There were only three remaining patients. Steptoe could not retrieve any eggs from the first two. One woman did not get pregnant. Another had a tubal pregnancy that could not be carried to term. Then he tried his method with Brown.

The night Brown was to give birth to the world's first IVF baby, the press descended on the Oldham hospital. Edwards left the hospital that afternoon and told reporters that nothing was happening yet and that they could go home.
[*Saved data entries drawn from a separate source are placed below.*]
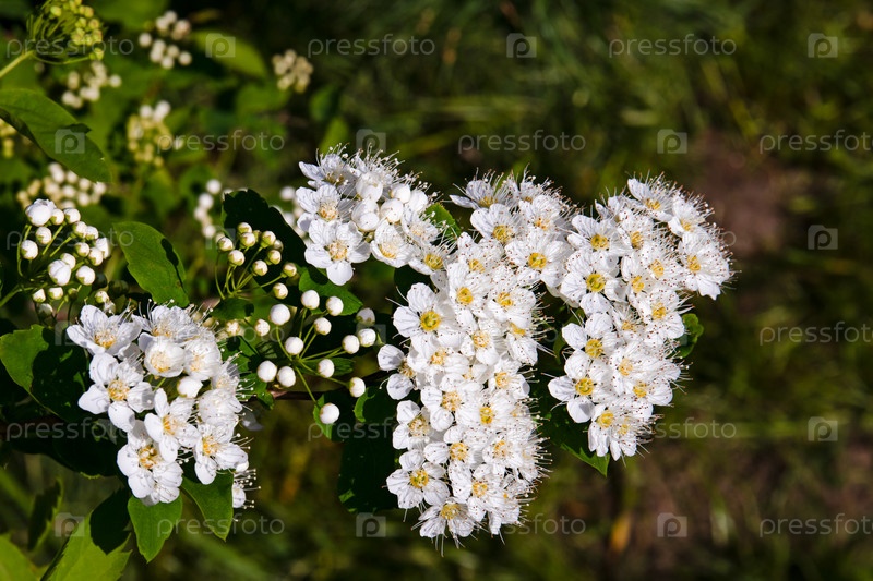 Цветет спирея кустовая. Спирея — род лиственных декоративных кустарников семейства розоцветных, соцветия крупным планом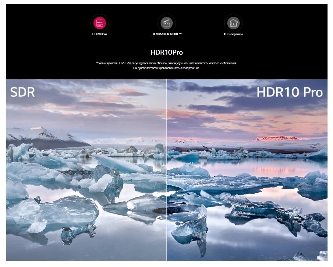 диагональ: 50"-57", диагональ (точно): 55 ", Разрешение HD: 4K UHD, частота обновления экрана: 60 Гц, технология экрана: HDR, LED, Поддержка цифрового ТВ: DVB-T2, DVB-C, DVB-S, DVB-S2, DVB-T, аналоговый (PAL, SECAM, NTSC), Платформа Smart TV: webOS, беспроводная связь: Airplay, Wi-Fi, Bluetooth, Экосистема Умного дома: Apple HomeKit, Количество входов HDMI: 3, особенности: универсальный (мультибрендовый) пульт, гостиничный ТВ, защита от детей, датчик освещенности, год создания модели: 2022
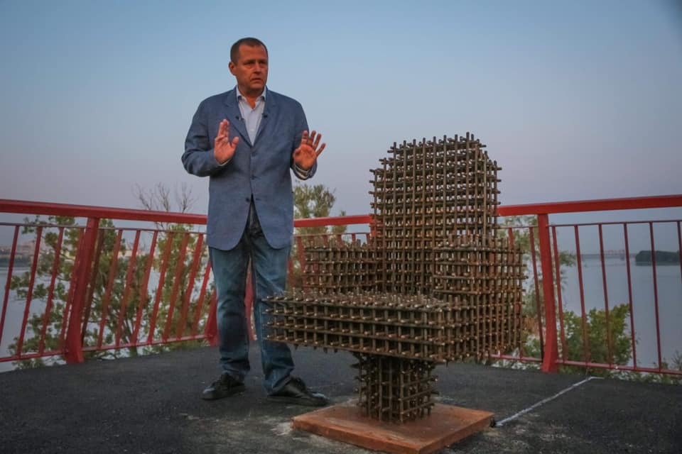На мості також з'явилася й істаляція з арматури, яка символізує крісло мера.

He and Steptoe sneaked in the back entrance that night, and Steptoe delivered the baby by cesarean.

It was Steptoe's decision to do a cesarean, Bavister said, adding, "If the baby was abnormal, they sure did not want the press in the delivery room," he said.

In fact, he said, if the baby had been abnormal, that would have spelled the end of IVF. The method had succeeded only with rabbits at that point, so it was a huge leap of faith for Edwards and Steptoe to try it with humans.

After the birth of Louise Brown, Edwards was triumphant. He and Steptoe founded an IVF center, Bourn Hall in Cambridge, where he served as research director.

The Roman Catholic Church denounced the award, arguing that human life should begin only through intercourse and not artificially. The Vatican said Edwards "bore a moral responsibility for all subsequent developments in assisted reproduction technology and for all abuses made possible by IVF."

In 2011, Edwards was knighted by Queen Elizabeth II "for services to human reproductive biology."

Robert Geoffrey Edwards was born into a working-class family in Batley, Yorkshire, on Sept. 27, 1925. He joined the British military during World War II, then studied biology at the University of Wales in Bangor. He received a Ph.D. in physiology in 1955 from Edinburgh University in Scotland.

He is survived by his wife, Ruth Edwards, along with their five daughters and 12 grandchildren, Cambridge said.

Bavister said the most moving tribute to Edwards was in a message posted on the Nobel website after Edwards received the prize. It was from a man who had been born through IVF, and it said, "Dr. Edwards, thank you for my life."